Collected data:
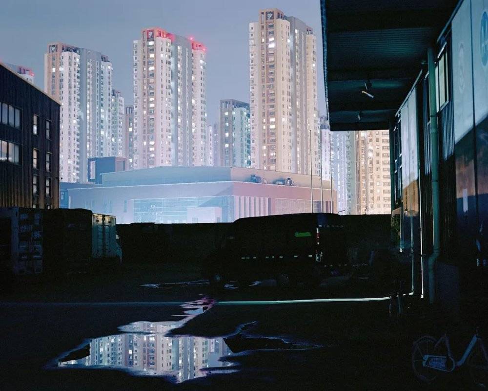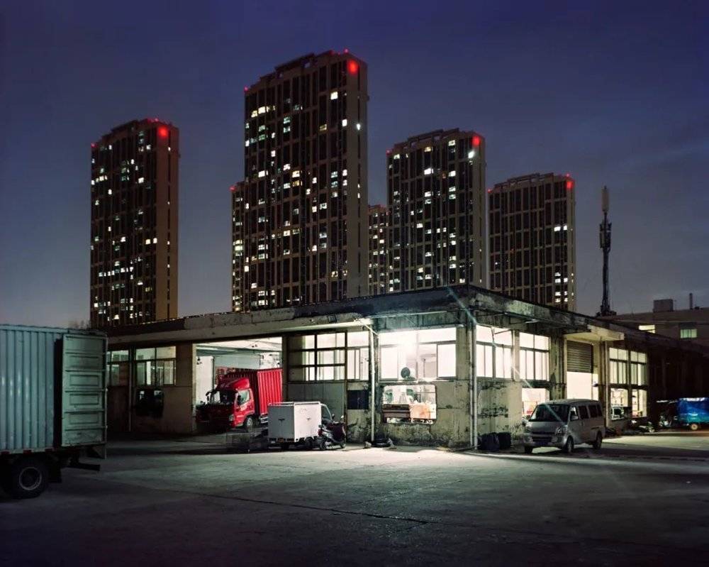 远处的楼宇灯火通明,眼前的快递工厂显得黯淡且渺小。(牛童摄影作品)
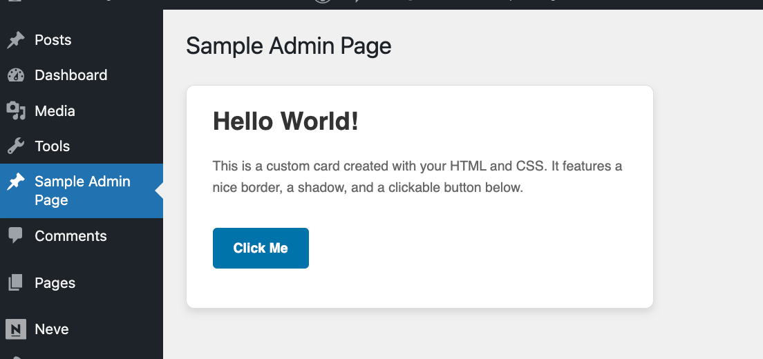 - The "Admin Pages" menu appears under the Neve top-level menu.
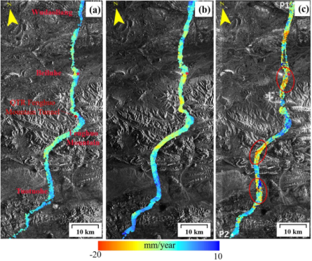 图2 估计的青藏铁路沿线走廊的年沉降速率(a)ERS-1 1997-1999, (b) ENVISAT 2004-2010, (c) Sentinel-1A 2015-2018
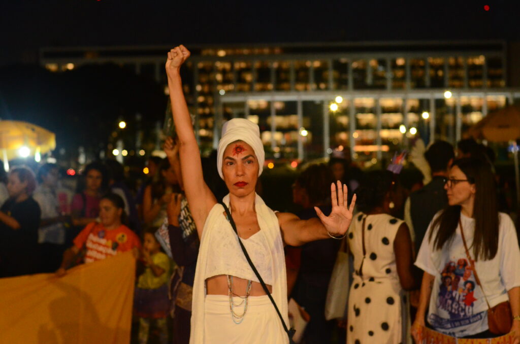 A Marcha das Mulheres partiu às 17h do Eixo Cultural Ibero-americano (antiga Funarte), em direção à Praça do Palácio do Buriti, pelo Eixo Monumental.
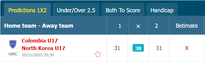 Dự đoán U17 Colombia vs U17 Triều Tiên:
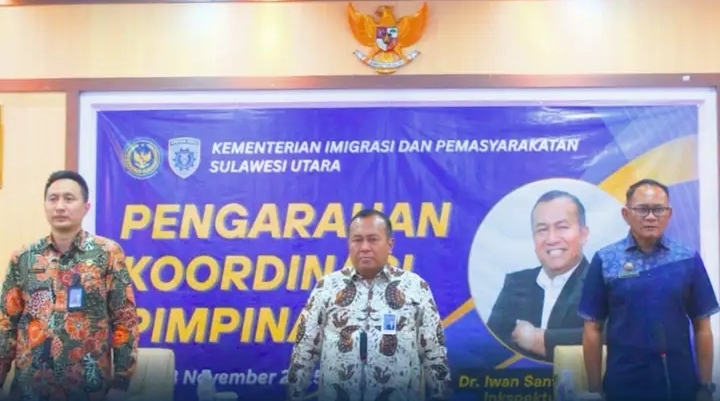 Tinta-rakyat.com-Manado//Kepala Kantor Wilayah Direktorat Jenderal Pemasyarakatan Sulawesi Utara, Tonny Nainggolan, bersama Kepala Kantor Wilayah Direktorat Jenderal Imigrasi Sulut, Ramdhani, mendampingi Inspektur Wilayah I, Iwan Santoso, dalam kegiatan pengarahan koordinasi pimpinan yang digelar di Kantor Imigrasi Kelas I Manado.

==

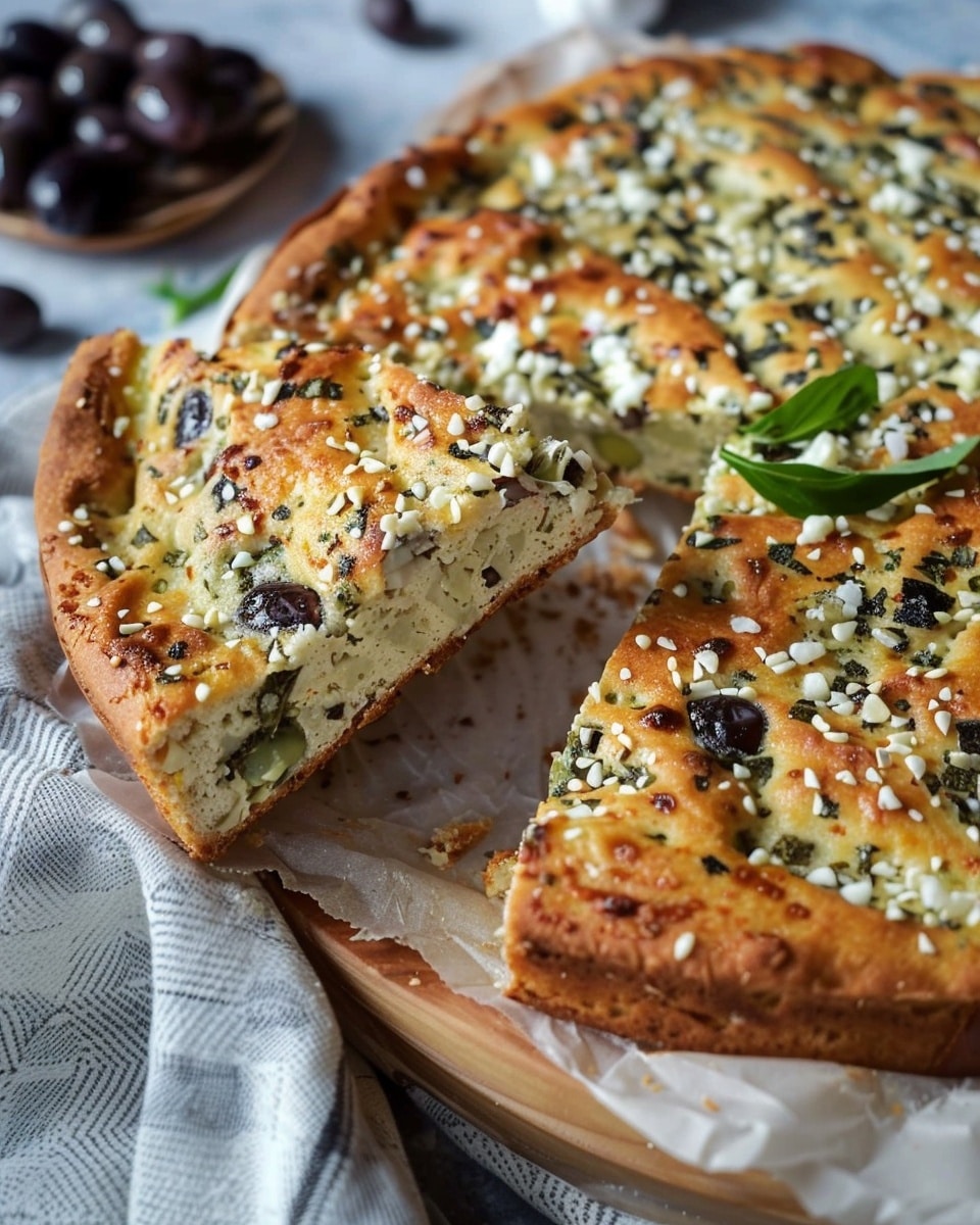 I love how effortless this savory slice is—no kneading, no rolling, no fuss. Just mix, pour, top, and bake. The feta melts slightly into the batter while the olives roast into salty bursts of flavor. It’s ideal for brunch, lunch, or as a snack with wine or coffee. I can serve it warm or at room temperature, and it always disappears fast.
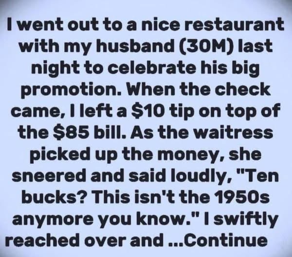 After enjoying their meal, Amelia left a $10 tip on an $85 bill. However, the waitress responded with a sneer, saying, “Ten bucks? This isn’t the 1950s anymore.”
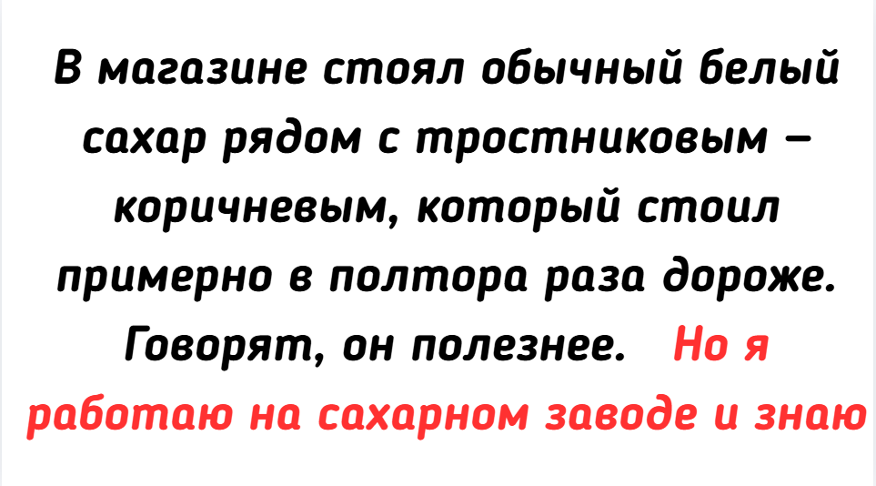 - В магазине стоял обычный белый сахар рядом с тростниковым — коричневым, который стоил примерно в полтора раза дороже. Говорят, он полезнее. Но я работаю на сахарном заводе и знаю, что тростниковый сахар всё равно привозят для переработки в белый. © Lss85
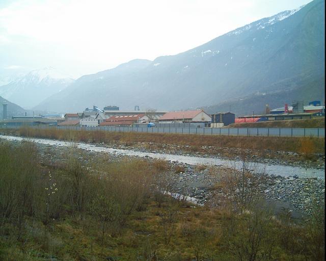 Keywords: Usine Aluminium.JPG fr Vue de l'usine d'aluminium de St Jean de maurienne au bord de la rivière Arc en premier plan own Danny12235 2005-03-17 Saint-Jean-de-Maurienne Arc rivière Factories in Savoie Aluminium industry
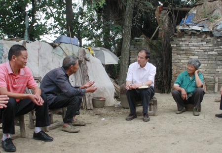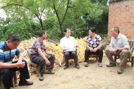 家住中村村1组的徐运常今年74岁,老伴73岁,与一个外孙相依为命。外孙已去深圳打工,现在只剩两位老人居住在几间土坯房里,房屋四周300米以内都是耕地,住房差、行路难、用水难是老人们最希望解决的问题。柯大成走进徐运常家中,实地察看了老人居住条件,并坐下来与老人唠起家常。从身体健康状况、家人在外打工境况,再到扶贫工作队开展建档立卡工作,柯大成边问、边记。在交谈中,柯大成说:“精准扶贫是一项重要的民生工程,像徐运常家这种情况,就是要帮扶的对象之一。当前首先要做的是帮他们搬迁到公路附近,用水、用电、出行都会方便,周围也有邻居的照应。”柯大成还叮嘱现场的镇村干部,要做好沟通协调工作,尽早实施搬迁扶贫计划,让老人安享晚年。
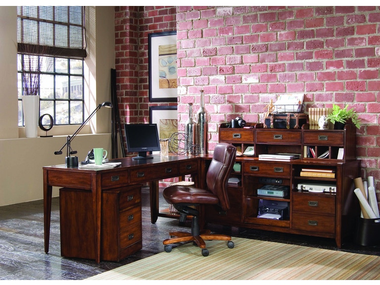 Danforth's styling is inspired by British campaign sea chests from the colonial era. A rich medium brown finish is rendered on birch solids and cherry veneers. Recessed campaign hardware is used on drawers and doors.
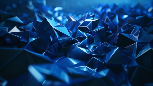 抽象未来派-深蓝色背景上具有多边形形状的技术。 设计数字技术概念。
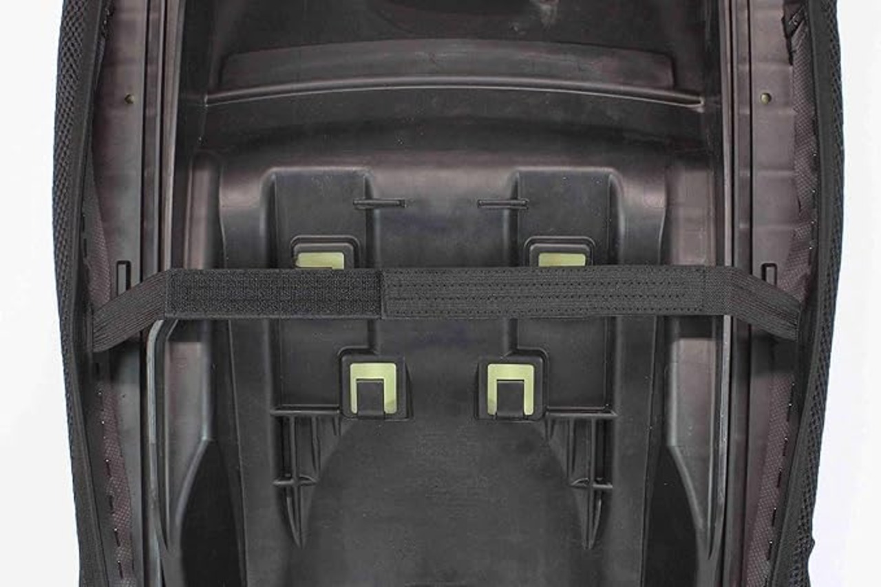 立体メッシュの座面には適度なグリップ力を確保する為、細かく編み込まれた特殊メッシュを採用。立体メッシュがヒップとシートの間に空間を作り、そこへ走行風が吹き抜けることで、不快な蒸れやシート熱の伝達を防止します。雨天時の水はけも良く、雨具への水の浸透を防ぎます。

Problem statement: Take the entries above and copy exactly the lines starting at the one with "图2 估计的青藏铁路沿线走廊的年沉降速率(a)ERS-1 1997-1999, (b)" and ending at the one with "Tinta-rakyat.com-Manado//Kepala Kantor Wilayah"; nothing outside that span, and no pictures.

Output of the task:
 图2 估计的青藏铁路沿线走廊的年沉降速率(a)ERS-1 1997-1999, (b) ENVISAT 2004-2010, (c) Sentinel-1A 2015-2018
 A Marcha das Mulheres partiu às 17h do Eixo Cultural Ibero-americano (antiga Funarte), em direção à Praça do Palácio do Buriti, pelo Eixo Monumental.
 Dự đoán U17 Colombia vs U17 Triều Tiên:
 Tinta-rakyat.com-Manado//Kepala Kantor Wilayah Direktorat Jenderal Pemasyarakatan Sulawesi Utara, Tonny Nainggolan, bersama Kepala Kantor Wilayah Direktorat Jenderal Imigrasi Sulut, Ramdhani, mendampingi Inspektur Wilayah I, Iwan Santoso, dalam kegiatan pengarahan koordinasi pimpinan yang digelar di Kantor Imigrasi Kelas I Manado.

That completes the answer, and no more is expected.